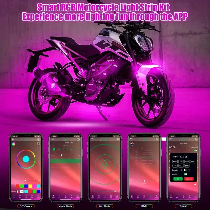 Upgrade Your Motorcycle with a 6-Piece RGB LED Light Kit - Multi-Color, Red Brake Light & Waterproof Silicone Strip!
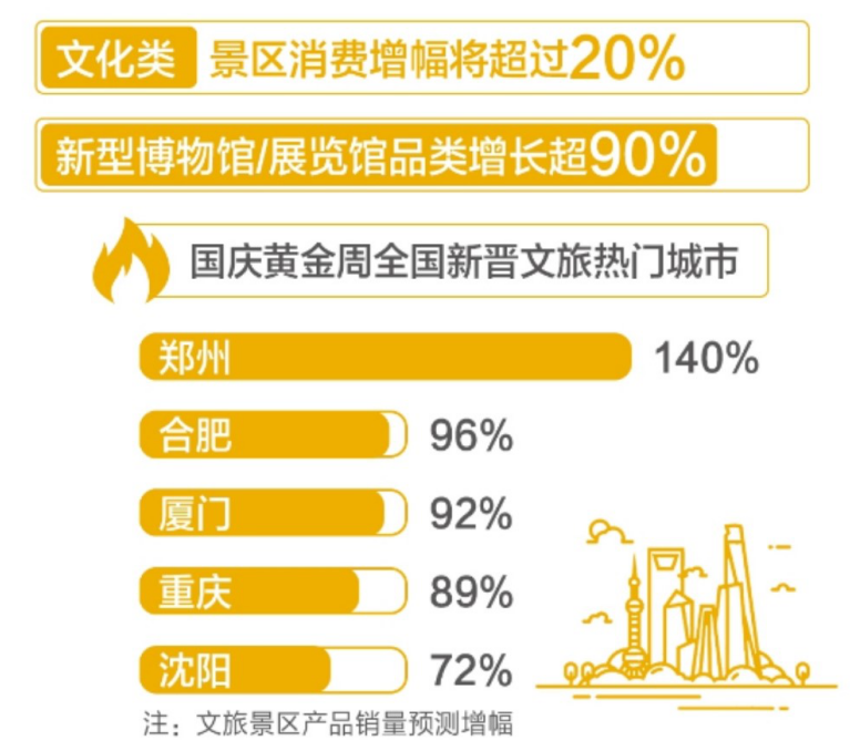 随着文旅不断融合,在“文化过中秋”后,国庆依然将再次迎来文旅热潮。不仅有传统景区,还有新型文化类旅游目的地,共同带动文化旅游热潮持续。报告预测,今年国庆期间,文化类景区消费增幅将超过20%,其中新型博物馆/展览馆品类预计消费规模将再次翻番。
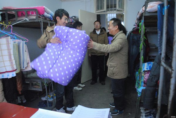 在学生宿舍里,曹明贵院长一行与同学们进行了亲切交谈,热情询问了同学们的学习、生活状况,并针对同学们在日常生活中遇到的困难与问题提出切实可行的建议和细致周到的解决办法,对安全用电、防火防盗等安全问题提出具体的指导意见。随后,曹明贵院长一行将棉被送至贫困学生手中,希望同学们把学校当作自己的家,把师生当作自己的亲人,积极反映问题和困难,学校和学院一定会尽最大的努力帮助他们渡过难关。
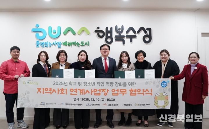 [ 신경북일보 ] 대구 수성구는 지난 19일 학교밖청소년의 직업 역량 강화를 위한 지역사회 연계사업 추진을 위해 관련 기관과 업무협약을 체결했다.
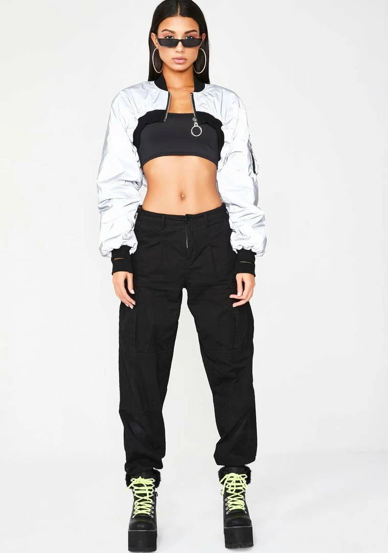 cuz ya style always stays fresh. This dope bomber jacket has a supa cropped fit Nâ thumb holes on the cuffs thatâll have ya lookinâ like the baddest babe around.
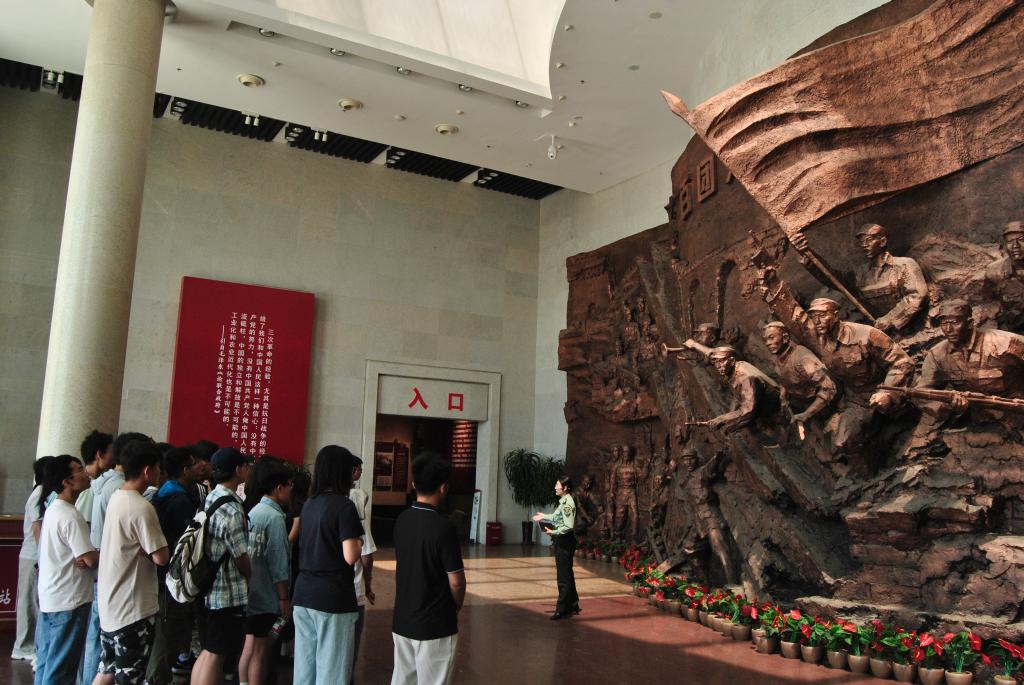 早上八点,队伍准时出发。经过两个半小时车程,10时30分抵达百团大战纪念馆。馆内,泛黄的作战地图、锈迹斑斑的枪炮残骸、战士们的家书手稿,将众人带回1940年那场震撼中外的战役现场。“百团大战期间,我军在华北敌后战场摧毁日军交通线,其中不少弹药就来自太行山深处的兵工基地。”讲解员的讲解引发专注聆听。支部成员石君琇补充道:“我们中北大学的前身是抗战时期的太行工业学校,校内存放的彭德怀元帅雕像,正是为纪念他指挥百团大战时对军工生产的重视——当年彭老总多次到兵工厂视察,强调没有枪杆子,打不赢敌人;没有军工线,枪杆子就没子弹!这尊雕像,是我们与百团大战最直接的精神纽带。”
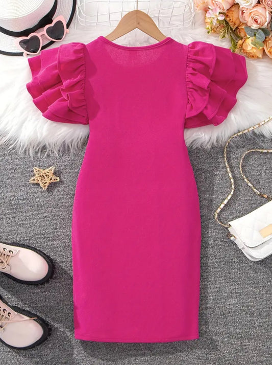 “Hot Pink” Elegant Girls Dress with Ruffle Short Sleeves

● **What needs to be done**:
What is needed is an exact copy of all the records, minus any pictures.

● **Exercise response**:
 Upgrade Your Motorcycle with a 6-Piece RGB LED Light Kit - Multi-Color, Red Brake Light & Waterproof Silicone Strip!
 随着文旅不断融合,在“文化过中秋”后,国庆依然将再次迎来文旅热潮。不仅有传统景区,还有新型文化类旅游目的地,共同带动文化旅游热潮持续。报告预测,今年国庆期间,文化类景区消费增幅将超过20%,其中新型博物馆/展览馆品类预计消费规模将再次翻番。
 在学生宿舍里,曹明贵院长一行与同学们进行了亲切交谈,热情询问了同学们的学习、生活状况,并针对同学们在日常生活中遇到的困难与问题提出切实可行的建议和细致周到的解决办法,对安全用电、防火防盗等安全问题提出具体的指导意见。随后,曹明贵院长一行将棉被送至贫困学生手中,希望同学们把学校当作自己的家,把师生当作自己的亲人,积极反映问题和困难,学校和学院一定会尽最大的努力帮助他们渡过难关。
 [ 신경북일보 ] 대구 수성구는 지난 19일 학교밖청소년의 직업 역량 강화를 위한 지역사회 연계사업 추진을 위해 관련 기관과 업무협약을 체결했다.
 cuz ya style always stays fresh. This dope bomber jacket has a supa cropped fit Nâ thumb holes on the cuffs thatâll have ya lookinâ like the baddest babe around.
 早上八点,队伍准时出发。经过两个半小时车程,10时30分抵达百团大战纪念馆。馆内,泛黄的作战地图、锈迹斑斑的枪炮残骸、战士们的家书手稿,将众人带回1940年那场震撼中外的战役现场。“百团大战期间,我军在华北敌后战场摧毁日军交通线,其中不少弹药就来自太行山深处的兵工基地。”讲解员的讲解引发专注聆听。支部成员石君琇补充道:“我们中北大学的前身是抗战时期的太行工业学校,校内存放的彭德怀元帅雕像,正是为纪念他指挥百团大战时对军工生产的重视——当年彭老总多次到兵工厂视察,强调没有枪杆子,打不赢敌人;没有军工线,枪杆子就没子弹!这尊雕像,是我们与百团大战最直接的精神纽带。”
 “Hot Pink” Elegant Girls Dress with Ruffle Short Sleeves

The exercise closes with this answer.